Perdeu o apoio de estruturas importantes, como as distritais do Porto ou da Guarda, teve gente que sempre esteve do seu lado a mudar de trincheira, perdeu a confiança de um dos seus vices politicamente mais relevantes, Nuno Morais Sarmento, e viu esfumar-se a onda vitoriosa que parecia estar a criar depois das autárquicas. Em teoria, a história já estava escrita: Rio perdia; Rangel ganhava. No caso de Rio, a teoria, mais uma vez, voltou a falhar.
Daí o alcance das primeiras palavras de Rio nesta noite. O líder social-democrata envolveu Paulo Rangel nas habituais palavras de circunstância, elogiou-lhe a “dignidade” demonstrada na hora da derrota, mas não esqueceu os que se lhe opuseram. “Esta é a vitória dos militantes de base do PSD. Os dirigentes de concelhia e distritais têm de se ligar mais aos militantes. Foram num determinado sentido e o povo disse não.”
De Rio costuma dizer-se que não esquece nem perdoa aquilo que considera serem traições. Desta vez não será diferente e o próximo campo de batalha são já as listas de deputados “Fazer listas [de deputados] é sempre difícil em qualquer partido. No nosso partido sempre foi e continuará a ser”, assumiu o líder social-democrata. Mas o subtexto era outro: os que se moveram por “interesses pessoais” nesta contenda (Rio dixit) não terão lugar no partido. “Para ganhar legislativas aquilo que mais preciso é dos militantes do PSD. Esses eu tenho.”

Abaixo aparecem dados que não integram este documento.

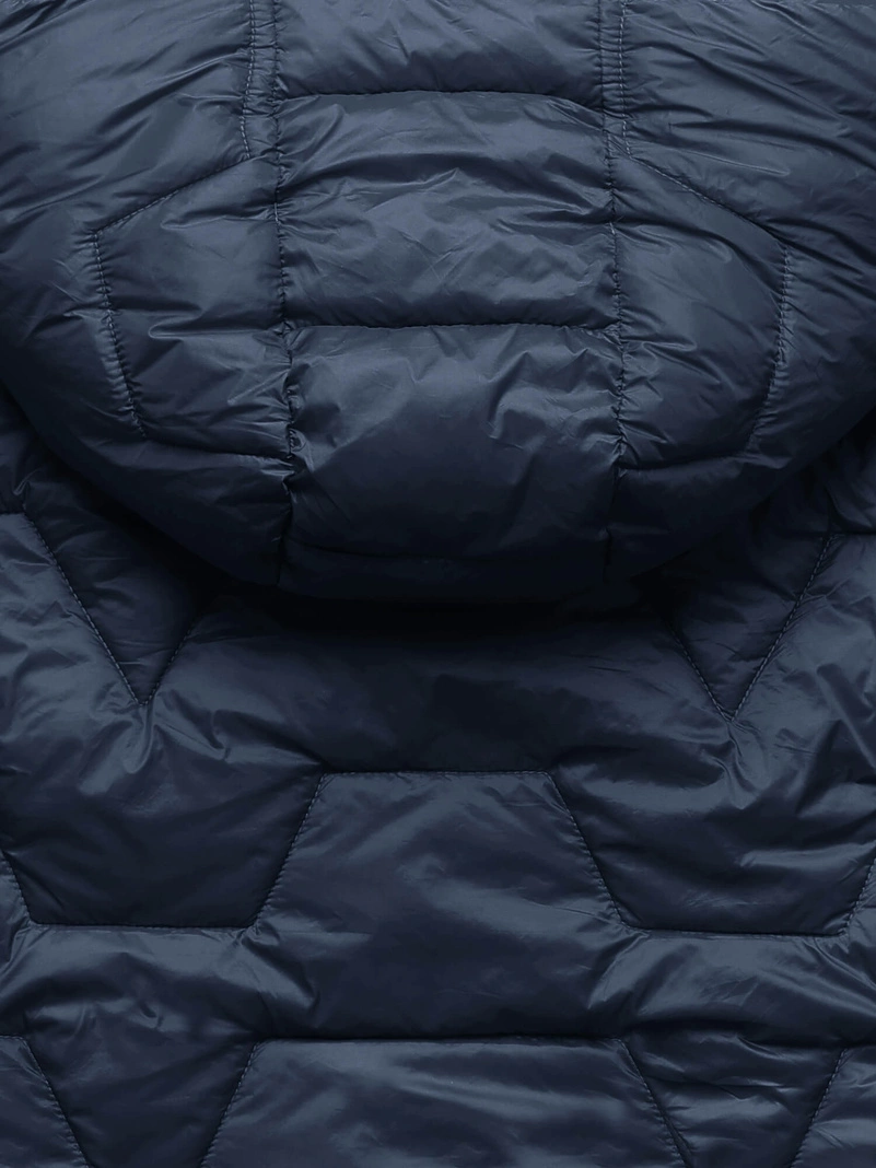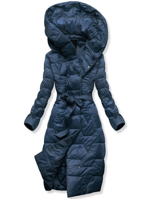 Granatowy damski pikowany płaszcz zimowy z paskiem

É com eles que Rui Rio vai de novo a jogo e vai sem perder um minuto de sono com o habitual discurso sobre agregar e unir no pós-diretas. “Estive sempre disponível para fazer unidade. Agora só se consegue fazer unidade com que está disponível. Já aprendi que muitos dizem que querem unidade e depois não querem unidade nenhuma“, despachou o líder social-democrata.
Pelo que ouviu o Observador esta noite — muitos apoiantes de Rio exigiam a demissão imediata dos líderes distritais que apoiaram Rangel –, o clima está tudo menos pacificado no interior do PSD. Mas, nesse capítulo, Rio ganhou mais uma coisa esta noite: com Rangel, Montenegro, Pinto Luz e até Moedas no mesmo barco derrotado, não há ninguém em condições de lhe fazer sombra. “Estou de pé, melhor do que nunca, como um verdadeiro sobrevivente“, canta o autor da música que virou hino desta noite. Rio que o diga.